31-Jul-2025
Monkeypox virus (MPXV), a DNA virus endemic to Central and West Africa, caused an unexpected multi-country outbreak in 2022, dominated by a less virulent but more transmissible lineage. While this lineage generally caused milder disease, it spread widely in non-endemic regions. In this study, supported by ISIDORe, this outbreak strain was compared with two previously studied Clade II isolates: USA 2003 and WRAIR 7-61, using multi-omics and cellular assays to investigate viral adaptation.
To support their multi-omics approach, the team collaborated with the Instruct Facility, the proteomics Unit at the University of Helsinki to conduct the proteomic and phospho-proteomic analyses of MPXV-infected cell lysates, enabling high-resolution mapping of both viral protein expression and host cell phosphorylation responses. These comparisons help clarify whether the Clade IIb strain's enhanced spread is linked to changes in viral growth, host protein modulation, or immune evasion mechanisms.
Using mouse embryonic fibroblasts (MEFs), the researchers conducted plaque assays and measured intracellular and extracellular viral titers over time.
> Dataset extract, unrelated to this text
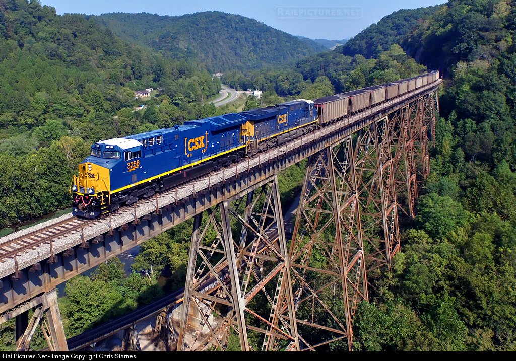 Brand new CSX GE ET44AH #3258 leads a southbound loaded SCWX coal train across the Copper Creek Viaduct enroute to Erwin, TN and points south. The engine was released from GE Erie less than a week prior and is making its first cycle in revenue service.

They found that 2022 MPXV replicates more slowly than the other two strains, forming significantly smaller plaques and producing lower titers. In contrast, USA 2003 demonstrated the most aggressive phenotype, forming large comet-shaped plaques characteristic of high extracellular virus release. This suggests that despite lower replication, the 2022 virus may have developed alternative mechanisms for spread.
Figure 1. Proteomic analysis displays differential protein expression between 2022 MPXV previous Clade II strains. (A) Volcano Plot representing Log2 Fold Change and Adjusted p Value proteins in infected MEF cells with clade II MPXV strains compared with noninfected MEFs. Upregulated proteins are colored red, downregulated blue, viral proteins are orange, and false values are gray. Most relevant hits are labeled. (B) Pie chart displaying the number of true and false values identified. (C) Venn diagram of differentially expressed proteins across MPXV strain infection in MEF cells. (D) Graph indicating quantity of upregulated/downregulated proteins (E) Heat Map displaying Log2 Fold Change values of viral proteins in infected MEF cells with Clade II MPXV strains compared with noninfected MEFs. Experiments were conducted with four replicates of infected protein extracts.
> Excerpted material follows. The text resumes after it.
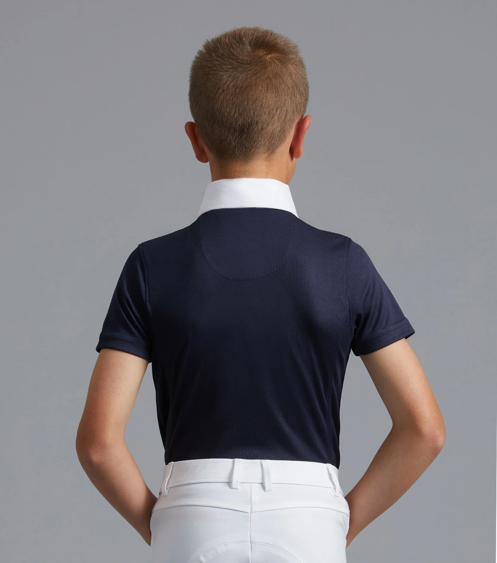 A sophisticated boy's competition show shirt engineered with technical 4-way stretch pique jersey which boasts high breathability and moisture wicking properties, ideal for keeping cool and comfortable in the show ring.Â

Comprehensive proteomic analysis using high-resolution mass spectrometry (Figure 1) revealed that the 2022 strain expresses lower viral protein levels compared to USA 2003 and WRAIR 7-61. Interestingly, certain proteins (e.g. O1, K1, and J2) were elevated in the 2022 strain, indicating a shift toward host immune evasion. Biological process pathway enrichment analysis of host proteins also showed increased modulation of the actin cytoskeleton and supermolecular fiber organization, which are critical for viral trafficking.
Phospho-proteomic analysis showed the highest amount of phosphorylayted proteins for the 2022 strain, with numerous altered phosphorylation sites. Most notably, the transcription factor FOXO1—associated with glucose metabolism and cellular stress responses—was hypophosphorylated following infection with 2022 MPX. This indicated that OXPHOS pathway is highly involved in viral replication as it has been previously shown.
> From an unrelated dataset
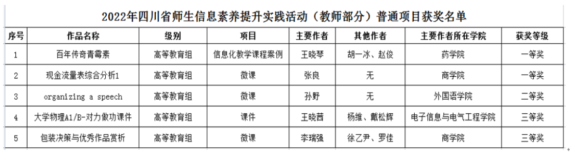 近日,四川省教育信息化与大数据中心(四川省电化教育馆)公布了《关于2022年师生信息素养提升实践活动(教师部分)的获奖名单》,草榴社区 王晓琴老师负责项目“百年传奇青霉素”荣获高等教育组一等奖。

It was noted that these molecular adaptations may explain the enhanced transmission of Clade IIb without requiring increased virulence. The authors caution that if similar adaptations arise in the more pathogenic Clade I viruses, the public health impact could be substantial.
This study highlights the importance of continuous molecular surveillance and the need for experimental systems that evaluate both viral fitness and host manipulation. Such insights are crucial for predicting the evolution of MPXV and prevention of MPOX outbreaks in the future.